Strange things sometimes happen to some tutors. They turn into large toothy dragons (think Game of Thrones but bigger, scalier and hotter), their scales glow molten red, and they unleash gobbets of green fire from their nostrils which incinerate any poor student standing in front of them, leaving only enough ash to be put into a small cup and made into Greek coffee to be served to their unsuspecting relatives. What did you do to deserve this? You uttered one small word: “Wikipedia”.
So what are the problems with Wikipedia? And is it ever permissible to use it in an assignment?
Wikipedia is a wonderful tool. If I want to know about a topic, I generally start with Wikipedia. If I want to know more, I follow the links from the Wikipedia article (and often there is more than one article), or I google. But quite often Wikipedia is enough. I have what I want to do. And it is nearly always accurate. Probably as often as academically authoritative publications - though that is subject to much dispute and febrile deployment of numbers. The problem for students using Wikipedia to rely on in academic assignments is the problem of authority. So the issue is what does authority mean and what counts as authoritative.
Authority is what an expert has - someone who has studied the field for many years and produced research and material that is valued by their peers. Authority is socially constructed - there is no absolute definition, no set of criteria by which we can all be impartially measured. That is one of the reasons why theories and ideas come and go. That is also why the pinnacle of academic achievement is not writing books as you might think. It is having articles published in peer reviewed journals. You write an article; it is vetted by other experts in the field and if, in their view, it passes muster, it gets published.
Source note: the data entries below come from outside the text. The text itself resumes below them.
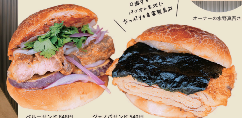
ペルーサンド 648円 ジェノバサンド 540円
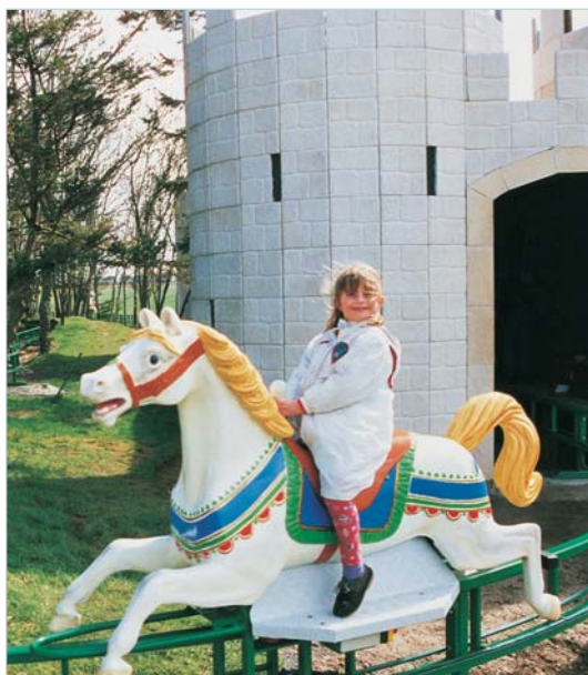
La chevauchée de Guillaume le Conquérant à Festyland (14)
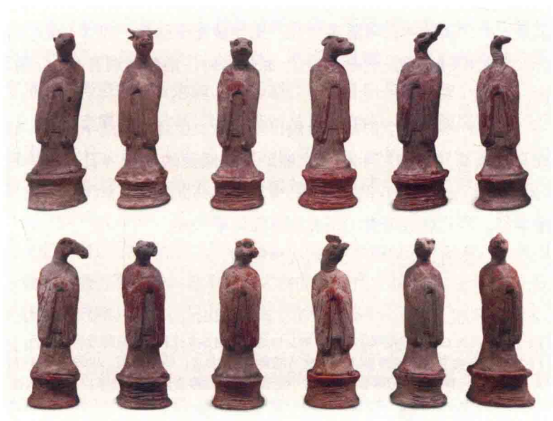
图 1-3 西安市郊出土十二生肖俑 陕西历史博物馆藏
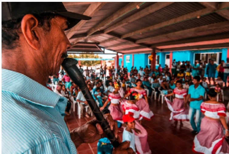
Figura 5. Presentación y baile con tambora, expresión cultural de la región.

Nota: foto propia, 2019. Presentación comunitaria con cumbia y tambora en San José de Doña Ana, San Benito Abad, Sucre.
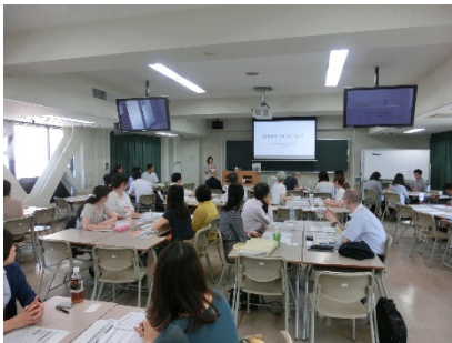
3101B 障害学生の支援について
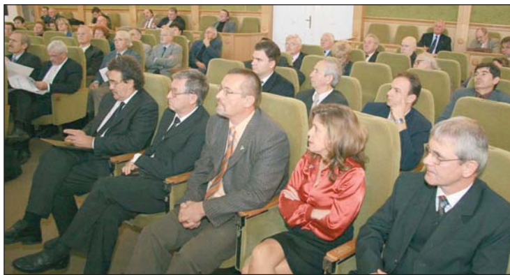
Plenáris üléssel kezdődött a rendezvény.

Miskolcon a Megyeháza dísztermében plenáris üléssel kezdődött az ünnepi rendezvény-sorozat. Itt az energiagazdálkodás, a mezőgazdaság és a tu-
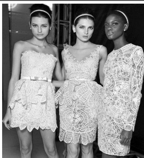
Modelos com vestidos de estilista Marta Medeiros

When we look at material in a book or an article, we want to know how reliable it is. We can do this by examining the text in itself. We ask for instance whether what is said is coherent - do all the bits fall into a structure that makes sense. We ask if it is comprehensive - do the statements or suggestions offered cover all of the examples in the field or just some of them. We ask if it is consistent - does it work the same way in different circumstances; are the conclusions followed through properly. That is the kind of thinking that you as students are supposed to be practising. We talk a lot about active reading, and you may have been listening when we talked about it. Active reading is always asking this kind of question of the text.
Authorship also matters, though. Not just what is said, but who said it. Authorship is a proxy for reliability in the text. If this text was written by an expert acknowledged by their peers, then we can assume reasonably safely that what is said on the page is reliable. We can use it to back up our ideas in the reasonable certainty that no horrible accidents will occur.
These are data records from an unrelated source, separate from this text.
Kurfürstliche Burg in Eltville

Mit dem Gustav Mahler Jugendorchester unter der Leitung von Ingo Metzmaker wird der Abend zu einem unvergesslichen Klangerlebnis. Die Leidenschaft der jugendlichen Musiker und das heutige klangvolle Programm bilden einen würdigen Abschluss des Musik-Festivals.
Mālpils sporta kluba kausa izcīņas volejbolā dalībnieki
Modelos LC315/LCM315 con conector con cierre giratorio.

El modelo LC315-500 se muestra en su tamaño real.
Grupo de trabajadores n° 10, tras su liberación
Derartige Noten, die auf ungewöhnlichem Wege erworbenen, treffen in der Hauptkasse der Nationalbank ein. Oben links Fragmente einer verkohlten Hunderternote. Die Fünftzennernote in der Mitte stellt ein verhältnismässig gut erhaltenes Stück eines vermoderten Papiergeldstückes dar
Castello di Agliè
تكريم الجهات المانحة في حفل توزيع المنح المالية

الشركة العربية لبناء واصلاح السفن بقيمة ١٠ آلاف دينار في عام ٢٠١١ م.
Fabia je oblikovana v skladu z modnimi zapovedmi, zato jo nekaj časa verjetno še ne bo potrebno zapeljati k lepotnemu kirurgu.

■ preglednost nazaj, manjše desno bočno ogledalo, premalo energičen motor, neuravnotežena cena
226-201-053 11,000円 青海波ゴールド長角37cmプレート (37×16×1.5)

If we had the time, we would read every paragraph of every page with proper, active thinking attention. We would examine every word, every nuance. We would test everything. We do not have that amount of time. Also, very often, we do not have the necessary level of skill or knowledge to be able to test the material rigorously. So we rely on proxies. We assume that what is in an OU textbook or web page is authoritative. We assume that what has been said by an acknowledged expert, or what has been published in a reputable journal, is reliable. We can still disagree with it. I give a hearty inward - and sometimes outward - cheer when a student for the first time disagrees with something they have read in an OU text (and gives reasons). It shows they are thinking independently.
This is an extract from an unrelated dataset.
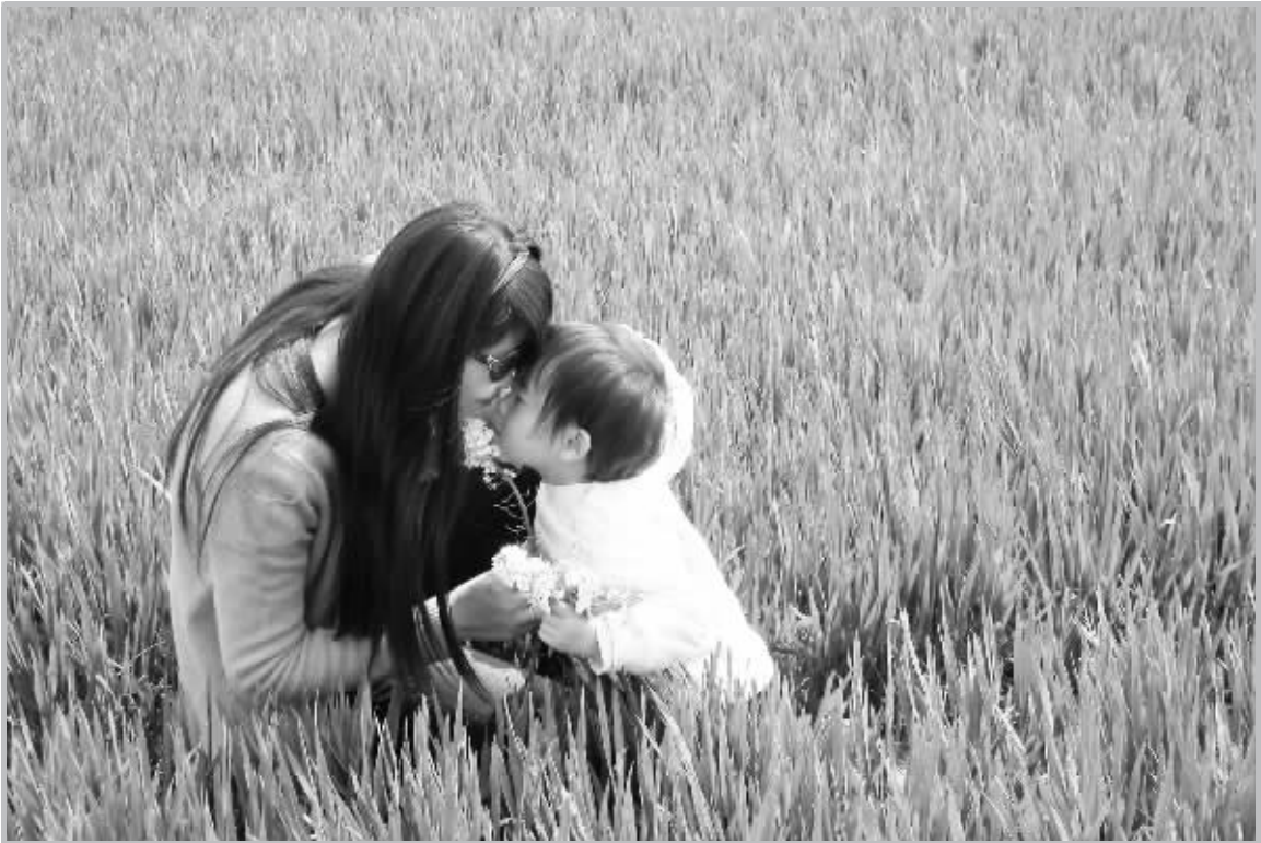
春天的温暖怎及妈妈的吻

拍摄作品请直接发送 JPG 格式，不要压缩画面，不要将照片粘贴到 Word 文档中发送，不能通过 QQ 空间转贴照片。请将照片发送到 zkwbdzpp@126.com 或发送离线照片到 QQ：1007853795

But here is the problem with Wikipedia. We can test the words on the page in the same way as we test the words on the page of a book. But we struggle when it comes to authorship. We can examine the history of the Wikipedia page, and we can see exactly who has written what. But that does not necessarily leave us any the wiser, as we have no idea who Chris Bloggs is or what their record of achievement in the field is. Most Wikipedia pages are in fact, I would argue, authoritative, certainly reliable enough for all normal purposes. For instance, much medical information is now available via Wikipedia that would not normally reach the general public, and is put there by people who know what they're talking about. (See “Wikipedia: Meet the men and women who write the articles”) But to use it as a source for an academic argument, you would need to test both the text and its author in a way which you will not usually have the time or the tools for.
The overall temperature of academic debate about Wikipedia is changing. Here is a list of articles about various aspects. I think the academic world is gradually getting used to the idea that they cannot control knowledge, and certainly cannot control students. But the deal is that students need to learn, from day one, that they must use their judgement on everything they meet, not just on the web but everywhere. You should read Wikipedia critically: you should read everything else just as critically.
Much of the learning students do never gets into their assignments. That is a good thing; I would hate us to kill our students with test fatigue. In my view much vital learning is interstitial: it happens in the spaces between assignments, when learners are using their own resources and their own roadmap to direct their studies. But testing, particularly via assignments, is also a valuable learning tool - it provides for different kinds of learning, the kind where distillation, selection and the making of arguments come to the fore. For the purposes of in between learning, Wikipedia is brilliant, provided you treat it in the way you should treat everything you read, keeping your wits about you when you use it. For the purposes of assignment learning, it is best left behind, underneath the text you write, unless you are confident you can defend the reliability of the evidence you use from it. That would also be a kindness: it will prevent some of my colleagues from imploding.